◆ **The problem**
From the first line of the listing to the last, set down everything exactly, but skip the images.

◆ **Dataset section**

- - - - -

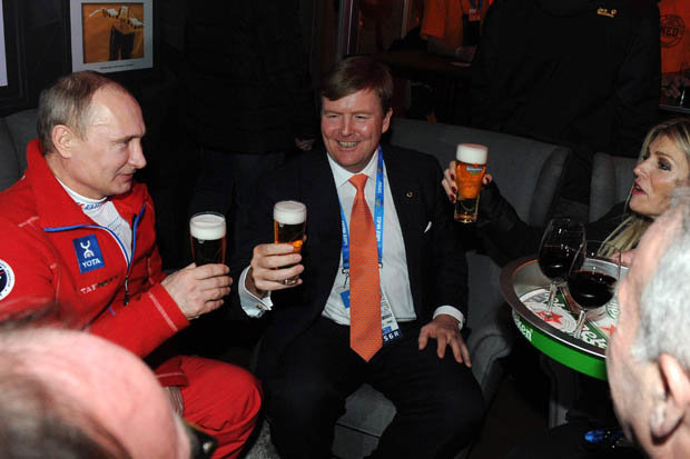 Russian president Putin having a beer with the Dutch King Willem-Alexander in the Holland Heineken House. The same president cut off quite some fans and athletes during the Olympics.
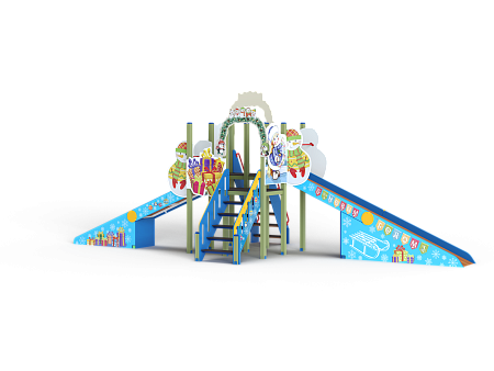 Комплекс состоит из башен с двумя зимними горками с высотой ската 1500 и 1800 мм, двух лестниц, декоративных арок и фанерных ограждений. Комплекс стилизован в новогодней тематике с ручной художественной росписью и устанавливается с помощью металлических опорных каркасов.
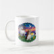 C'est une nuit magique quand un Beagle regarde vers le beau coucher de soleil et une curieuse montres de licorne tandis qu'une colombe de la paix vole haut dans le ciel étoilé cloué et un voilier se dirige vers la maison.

- - - - -

◆ **Task result**
 Russian president Putin having a beer with the Dutch King Willem-Alexander in the Holland Heineken House. The same president cut off quite some fans and athletes during the Olympics.
 Комплекс состоит из башен с двумя зимними горками с высотой ската 1500 и 1800 мм, двух лестниц, декоративных арок и фанерных ограждений. Комплекс стилизован в новогодней тематике с ручной художественной росписью и устанавливается с помощью металлических опорных каркасов.
 C'est une nuit magique quand un Beagle regarde vers le beau coucher de soleil et une curieuse montres de licorne tandis qu'une colombe de la paix vole haut dans le ciel étoilé cloué et un voilier se dirige vers la maison.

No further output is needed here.